Work begins with a cache
We are already sending data to the client application, doing this during page loading as early as possible. This means that the only faster way to deliver data would be one that does not include any steps involved in requesting information from a client or sending it to a client on the server’s initiative. This can be done using this approach to page formation, in which the cache comes to the fore. This, however, means that we will have to, although very briefly, show the user outdated information. Using this approach, after loading the page, we immediately show the user a cached copy of his feed and stories, and then, after the latest data is available, we replace all this with such data.
We use Redux to manage instagram.com status. As a result, the overall implementation plan of the above scheme looks like this. We store a subset of the Redux repository on the client, in the indexedDB table, populating this repository the first time the page loads. However, working with indexedDB, downloading data from the server, and user interaction with the page are asynchronous processes. As a result, we may run into problems. They consist in the fact that the user is working with the old cached state, and we need to make the user’s actions apply to the new state when receiving it from the server.

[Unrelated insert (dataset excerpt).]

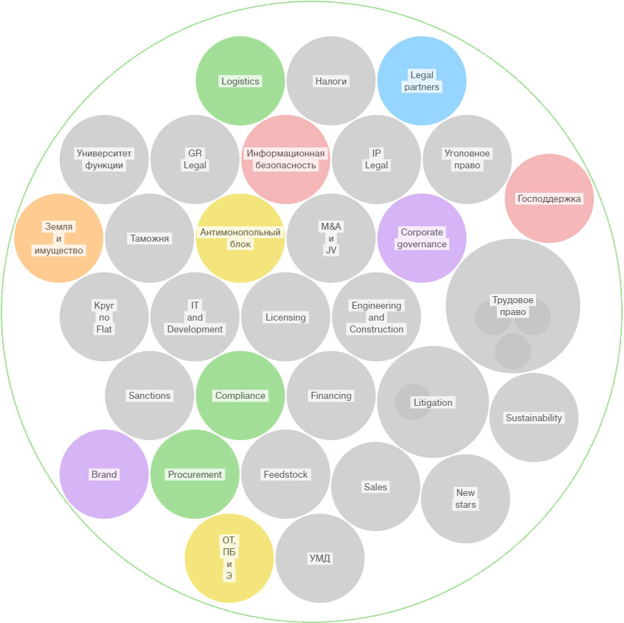 Юристы Корпоративного центра организованы в плоскую структуру, в которой нет организационно выделенных направлений или отделов, и все сотрудники имеют должности «юристов» либо «старших юристов». Юристы Корпоративного центра разделены на условно согласованные «Круги», нацеленные на управление юридической работой в отдельных специализированных направлениях. В Круг может входить от трех до десяти юристов. Некоторые юристы входят в несколько Кругов. У каждого Круга есть лидер, отвечающий за развитие соответствующего направления юридической практики. Набор Кругов, состав их участников периодически меняются, с учетом новых вызовов и обстоятельств. В момент написания книги юристы Корпоративного центра Сибура были объединены в следующие Круги:

For example, if we use the standard mechanisms for working with the cache, we may encounter the following problem. We are starting parallel loading of data from the cache and from the network. Since the data from the cache will be ready faster than the network data, we show it to the user. The user then, for example, likes the post, but after the server’s response, which contains the latest information, arrives at the client, this information overwrites the information about the liked post. In this fresh data there will be no information about the likes that the user has set the cached version of the post. Here is how it looks.
Race state that occurs when a user interacts with cached data (Redux actions are highlighted in green, status is gray)
To solve this problem, we needed to change the cached state in accordance with the user's actions and save information about these actions, which would allow us to reproduce them as applied to the new state from the server. If you have ever used Git or another version control system, then this task may seem familiar to you. Suppose that the cached state of the tape is the local repository branch, and the server response with the latest data is the master branch. If so, then we can say that we want to perform the relocation operation, that is, we want to take the changes recorded in one branch (for example, likes, comments, and so on) and apply them to another.
This idea leads us to the following system architecture:
- When the page is loaded, we send a request to the server to download new data (or wait for it to be sent at the server’s initiative).
- Create an intermediate (staged) subset of the Redux state.
- In the process of waiting for data from the server, we save the submitted actions.
- After receiving data from the server, we perform actions with the new data and play back the stored actions on the new data, applying them to the intermediate state.
- After that, we commit the changes and replace the current state with an intermediate one.
Solving a problem caused by a race condition using an intermediate state (Redux actions are highlighted in green, status is gray)
Thanks to the intermediate state, we can reuse all existing reducers. This, in addition, allows you to store an intermediate state (which contains the latest data) separately from the current state. And, since work with the intermediate state is implemented using Redux, it’s enough for us to send actions to use this state!
API
The intermediate state API consists of two main functions. This is
stagingAction
and
stagingCommit
:
function stagingAction( key: string, promise: Promise<Action>, ): AsyncAction<State, Action> function stagingCommit(key: string): AsyncAction<State, Action>
There are several other functions that are intended, for example, to undo changes and to handle border cases, but we will not consider them here.
The
stagingAction
function accepts a promise resolving to an event that needs to be sent to an intermediate state. This function initializes the intermediate state and monitors the actions that have been sent since its initialization. If we compare this with version control systems, it turns out that we are dealing with the creation of a local branch. The ongoing actions will be queued and applied to the interim state after new data arrives.
The
stagingCommit
function replaces the current state with an intermediate one. Moreover, if it is expected that some asynchronous operations are completed that are performed on an intermediate state, the system will wait for these operations to complete before replacement. This is similar to the relocation operation, when local changes (from the branch that stores the cache) are applied on top of the master branch (on top of new data received from the server), which leads to the fact that the local version of the state is relevant.
In order to enable the system of work with an intermediate state, we wrapped the root reducer in the extender capabilities of the reducer. It processes the
stagingCommit
action and applies previously saved actions to the new state. In order to take advantage of all this, we only need to send actions, and everything else will be done automatically. For example, if we want to load a new tape and bring its data into an intermediate state, we can do something like this:
function fetchAndStageFeed() { return stagingAction( 'feed', (async () => { const {data} = await fetchFeedTimeline(); return { type: FEED_LOADED, ...data, }; })(), ); } // store.dispatch(fetchAndStageFeed()); // , stagingCommit, // 'feed' // store.dispatch(stagingCommit('feed'));
The use of a rendering approach for the feed and stories, in which the cache comes to the fore, has accelerated the output of materials by 2.5% and 11%, respectively. This, in addition, contributed to the fact that, in the perception of users, the web version of the system came closer to Instagram clients for iOS and Android.
Dear readers! Do you use any approaches to optimize caching when working on your projects?